Let \(Y_{1}\) and \(Y_{2}\) be independent, standard normal random variables. Find the probability density $$\text { function of } U=Y_{1} / Y_{2}$$

Short Answer

Expert verified
The pdf of \( U = \frac{Y_1}{Y_2} \) is \( f_U(u) = \frac{1}{\pi(1+u^2)} \).

Step by step solution

01

Understanding the Problem

We need to find the probability density function (pdf) of the random variable \( U \), where \( U = \frac{Y_1}{Y_2} \). Here, \( Y_1 \) and \( Y_2 \) are independent standard normal random variables, meaning \( Y_1 \sim N(0,1) \) and \( Y_2 \sim N(0,1) \).
02

Recognize the Distribution

The random variable \( U = \frac{Y_1}{Y_2} \) is known to have a particular distribution. This type of distribution is recognized as a Cauchy distribution due to the ratio of two independent standard normal variables.
03

Identify the Cauchy Distribution

When \( U\) is expressed as a ratio of two independent standard normal variables, its probability density function follows a standard Cauchy distribution.

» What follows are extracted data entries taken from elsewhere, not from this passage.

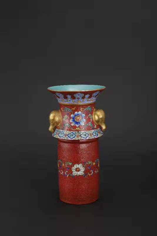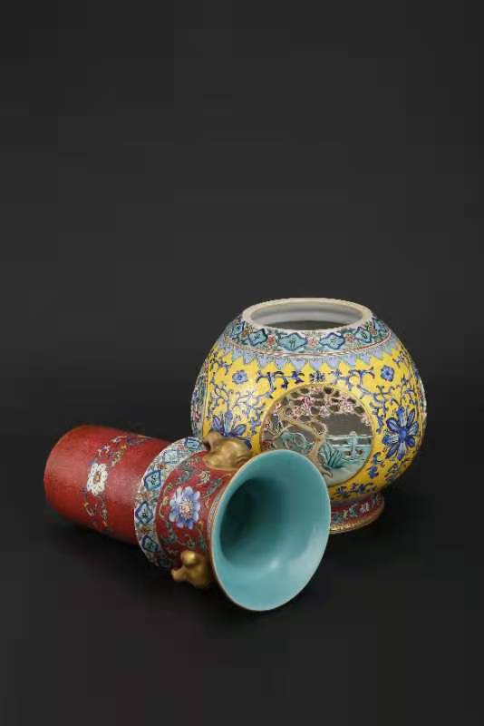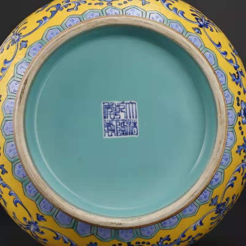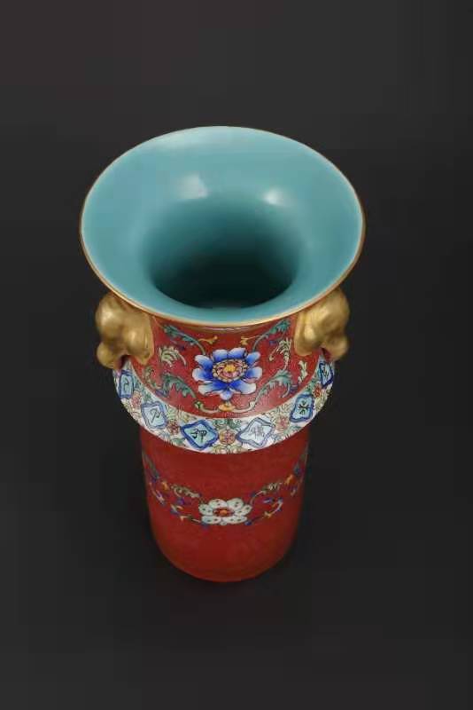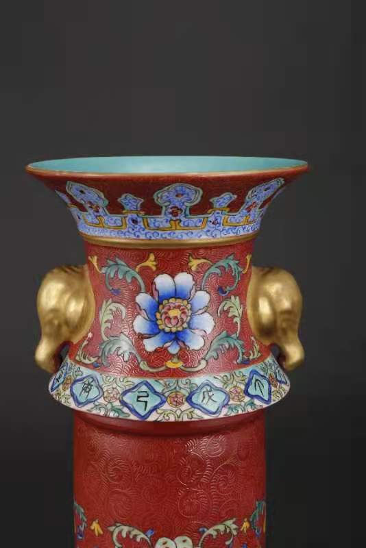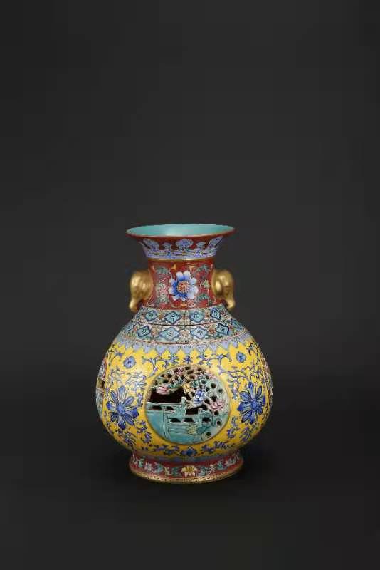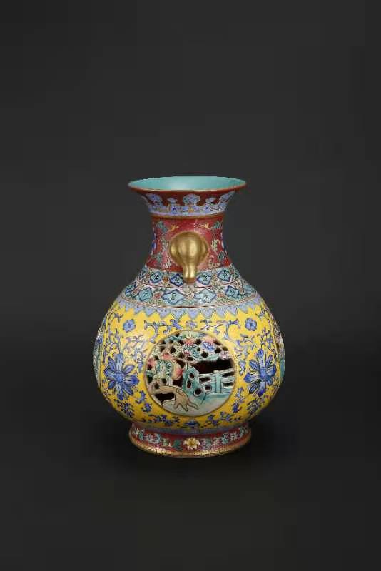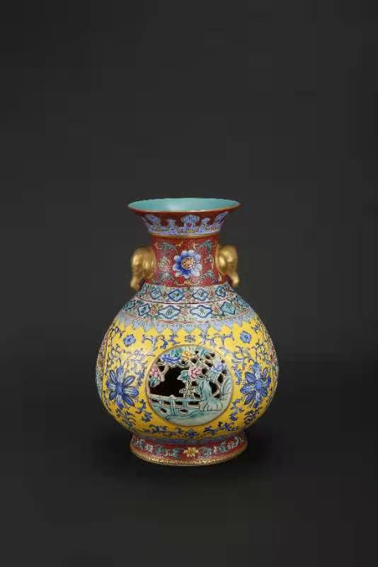 大清乾隆年制,黄地釉轧道、缕空、开光、描金象耳转心瓶。该瓶分三层、工艺制作精致,是带万年历的玲珑转芯瓶。该瓶工艺制作难度极大,成品率很底,投资收藏价值极高。值得大家收藏。该瓶高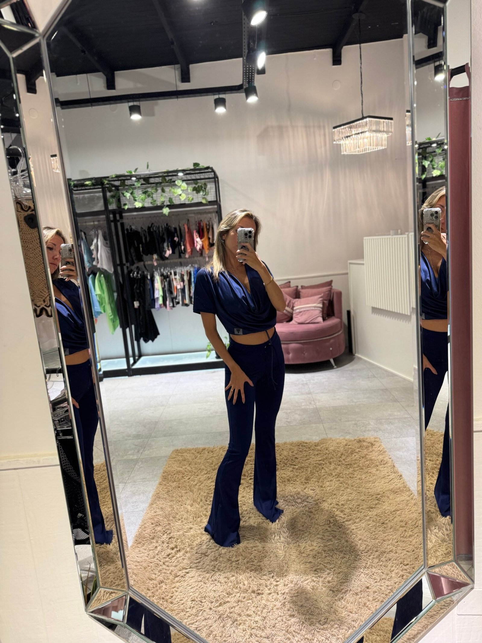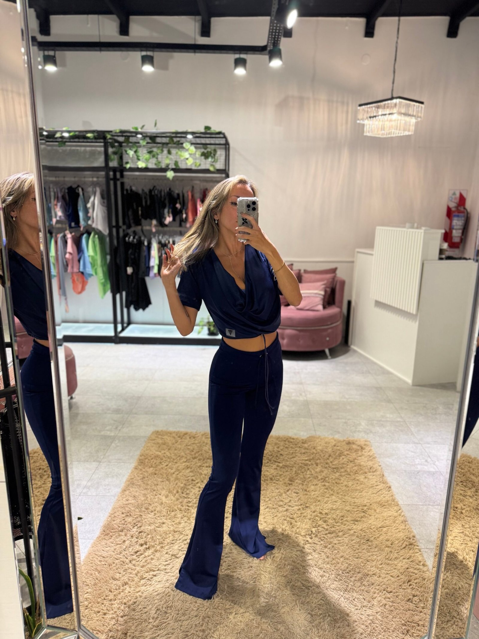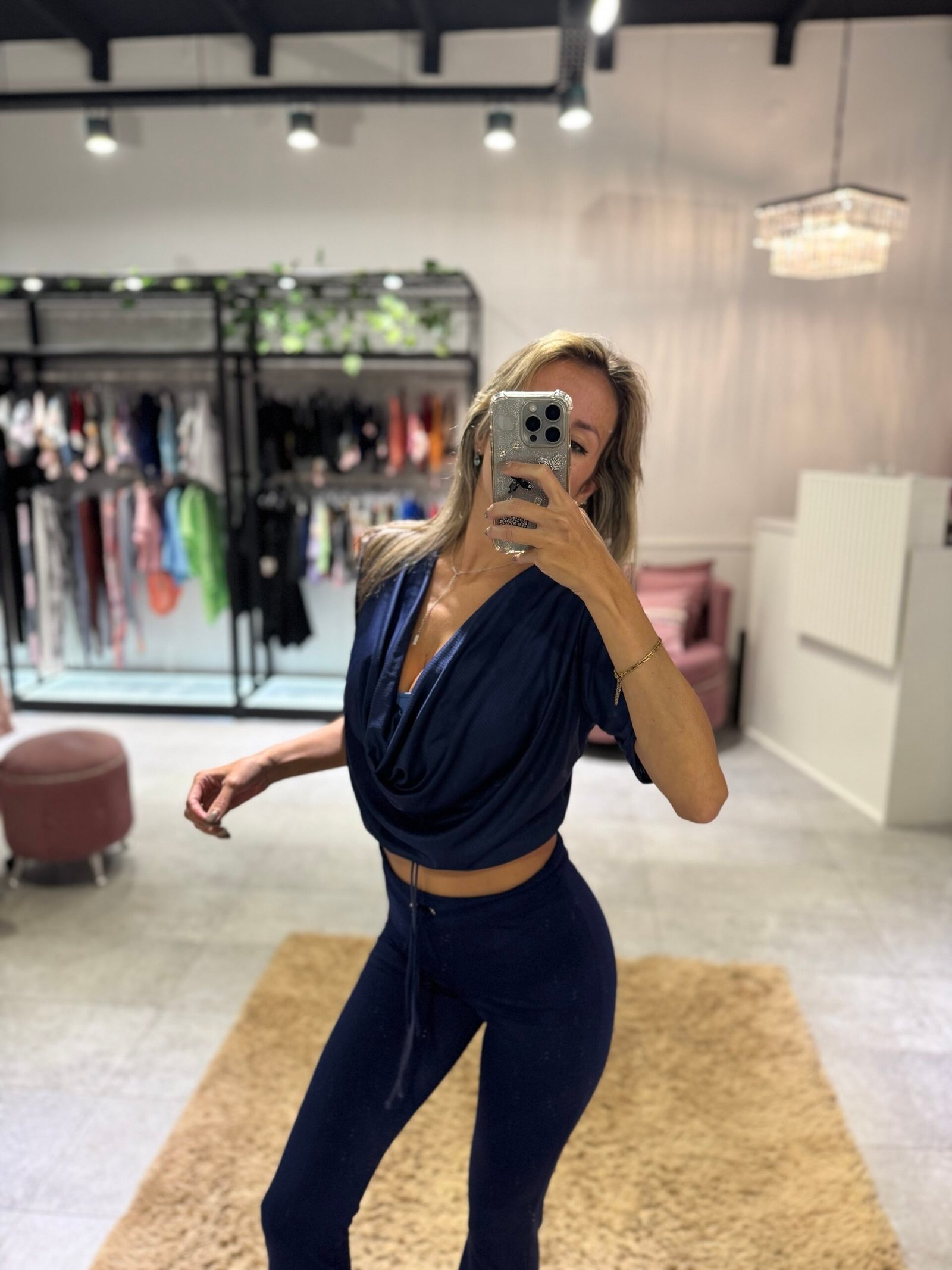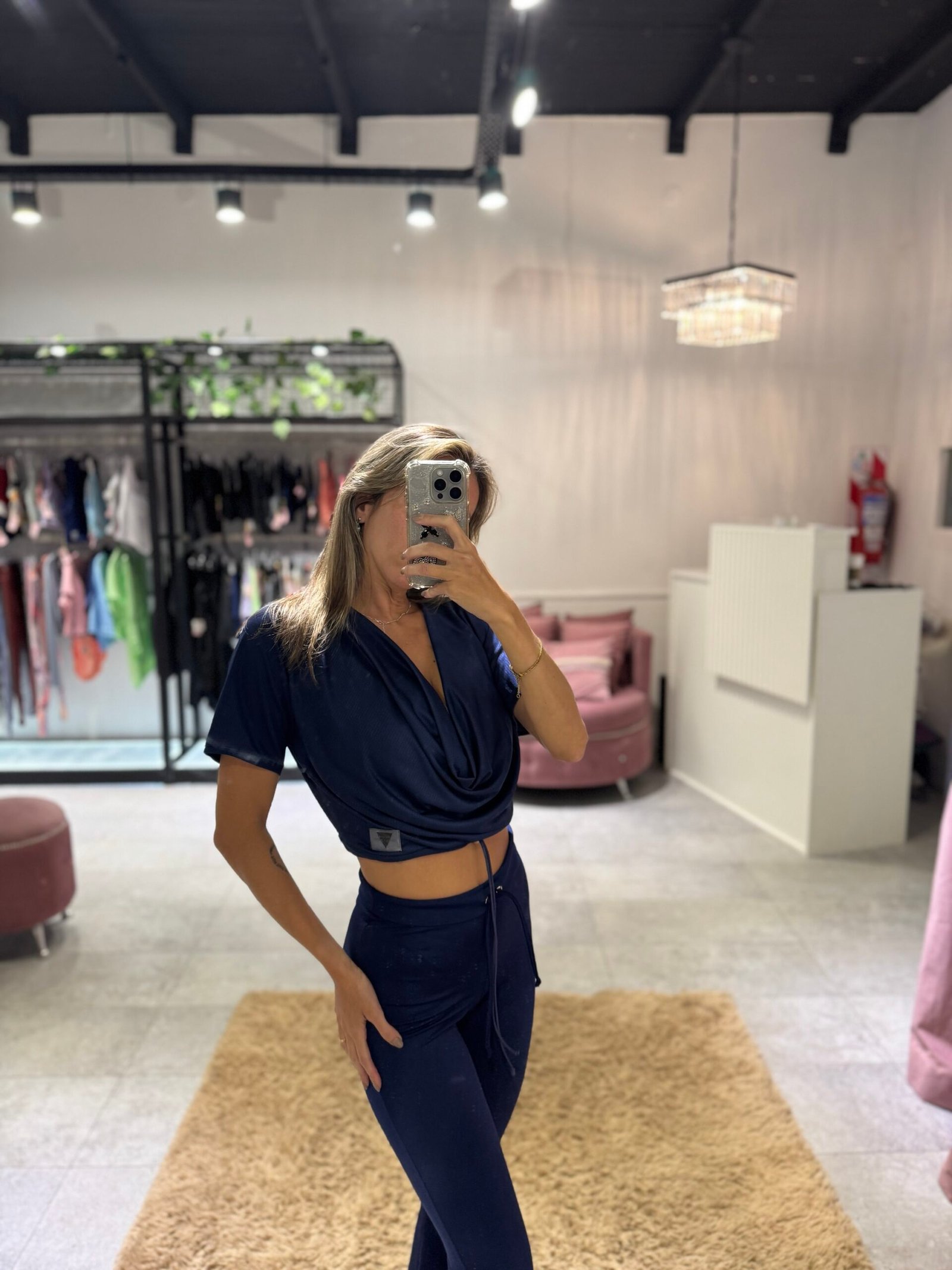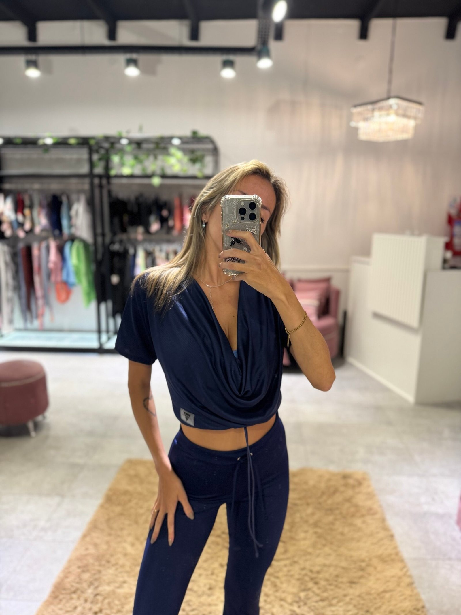 Blusa azul marino con cuello volcado Talle L Secado rápido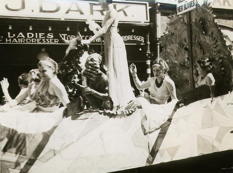 People in a float 'Cleopatra & her slaves' part of the celebrations for Ballarat Gala Day.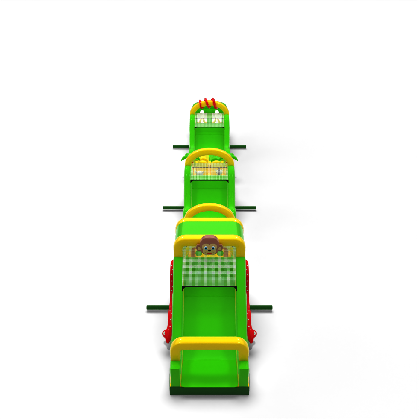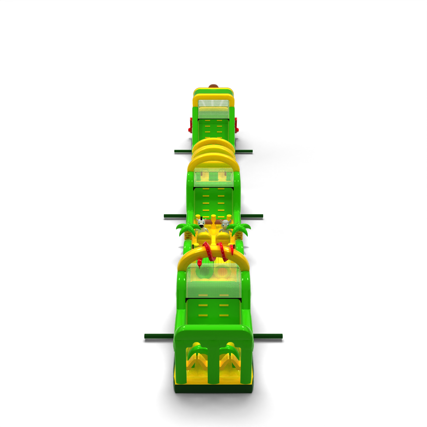 Nagy kiterjedésű, 3 szegmensből álló pálya, amely ideális nagy szabadtéri rendezvényekhez. A 30 méteres hosszával, intenzív színeivel és trópusi díszítéseivel egyedülálló hangulatot teremt, amely növeli a teljes felfújható terület presztízsét. Nagy kapacitásának és sokoldalúságának köszönhetően a pályát gyakran választják a rendezvényügynökségek és a vidámparkok tulajdonosai.
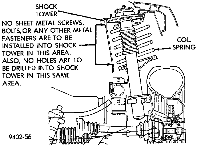 CAUTION: At no time when servicing a vehicle, can a sheet metal screw, bolt, or other metal fastener be installed in the strut tower to take the place of an original plastic clip. Also, NO holes can be drilled into the front strut tower in the area shown in for the installation of any metal fasteners into the strut tower.

The form of the Cauchy distribution is given by: \[ f_U(u) = \frac{1}{\pi(1+u^2)} \], for \( u \in \, \mathbb{R} \).
04

Conclude with the Probability Density Function

We conclude that the probability density function of \( U = \frac{Y_1}{Y_2} \) is that of a standard Cauchy distribution: \[ f_U(u) = \frac{1}{\pi(1+u^2)} \], valid for all real numbers \( u \).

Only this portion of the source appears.